My deadline was 11 p.m. and so I went upstairs at the theater’s office to write my review and I could hear the venue managers in the next room. “Could you believe that Lyle Lovett stopped the show to tell us to close the bar?” one said to the other. “He was distracted by people leaving their seats to get a drink.”
I have no clear memory of the rest of the night, but the newspaper sat in the driveway a long time the next day. I knew I had made a huge mistake. I knew that somehow I had projected the blame of my miserable existence onto a man in a suit singing songs, who was still happily married to his pretty woman.
I started reading the review, then tossed the paper against the wall after a few lines. Never felt so low and that day I went to my first A.A. meeting. “A.A.’s not for everyone,” someone said and after about a week I decided he was right.

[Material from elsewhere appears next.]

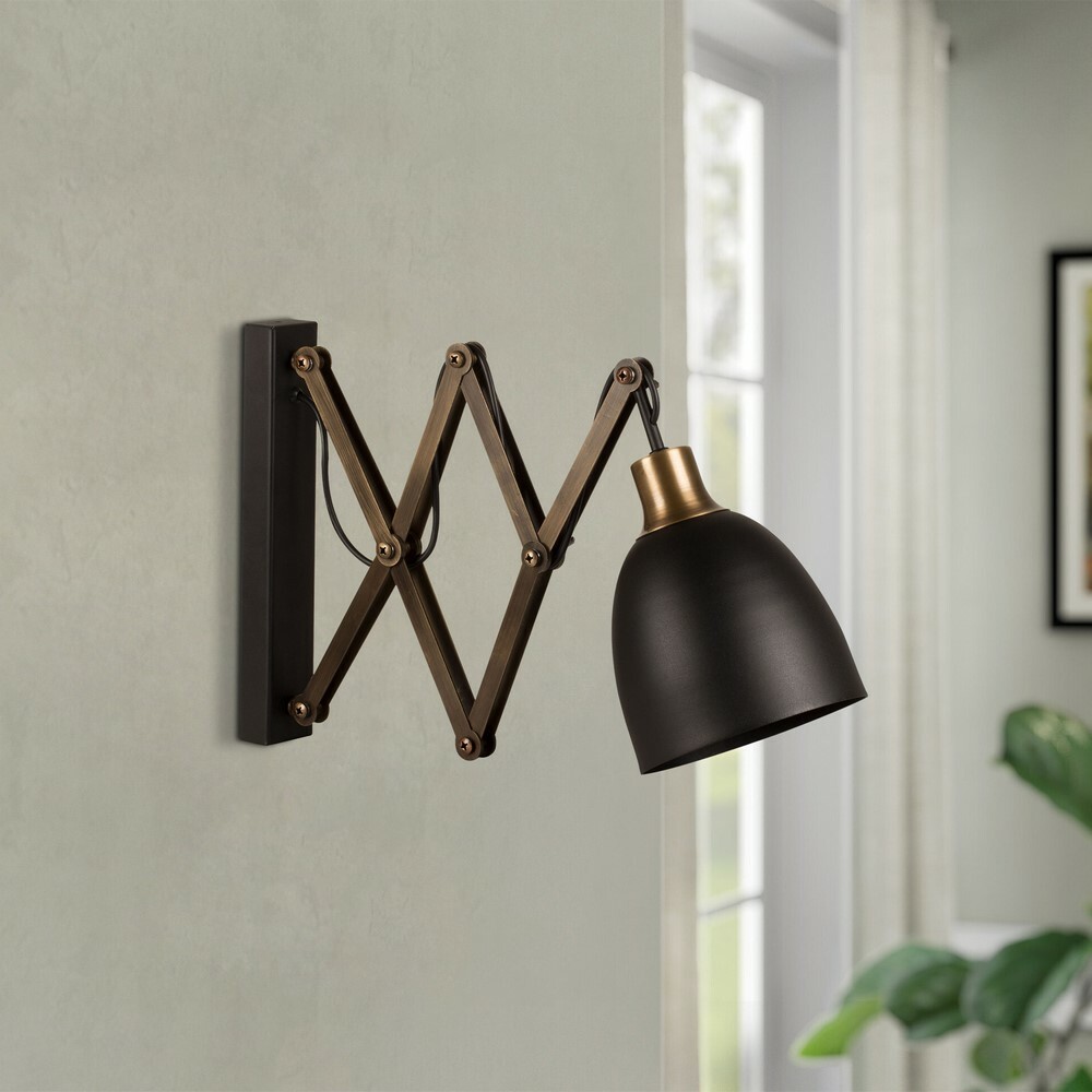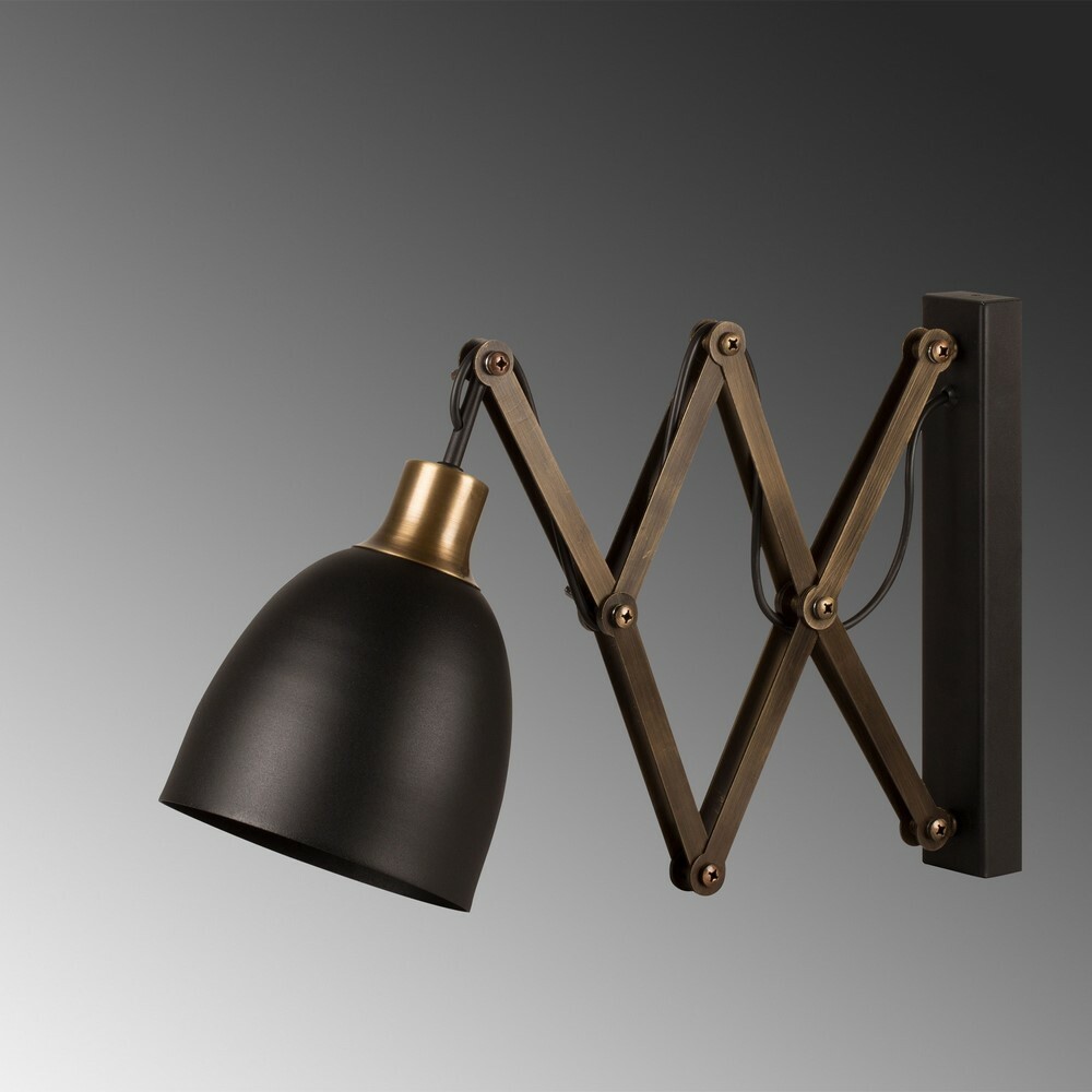 Toto nástenné svietidlo v retro industriálnom štýle kombinuje kovové telo v čiernej farbe s ramenom v mosadznej farbe, ktoré pôsobia elegantne a nadčasovo. Jeho hlavnou výhodou je nastaviteľná nožnicová konštrukcia, vďaka ktorej možno ľahko meniť vzdialenosť svietidla od steny v rozmedzí 35 až 62 cm. To umožňuje presne nasmerovať svetlo podľa aktuálnych potrieb, či už pri čítaní, práci alebo ako doplnkové osvetlenie.

There was one other incident with Lyle a few years earlier that may have had something to do with this. He played the Vic Theater in Chicago, around 1990. After midnight, the Vic changed into a dance club and all the Puerto Rican go-go dancers were in the hall backstage smoking a joint while Lyle was still back there. My God, did he throw a fit! “You know what that stuff does to me!” He yelled at his manager. I said, “well, what do you do if you’re onstage and someone in the audience smokes a joint?” And he said he’ll stop the show cold. Then he stormed out.
I started looking at him differently after that. Still, no excuse.
If someone could pass this on to Lyle Lovett, I’d like to apologize. I was unprofessional and remain deeply embarassed about that review. Somehow, Lovett recovered and he’s never been anything but a gentleman to me on the occasions I failed in avoiding him.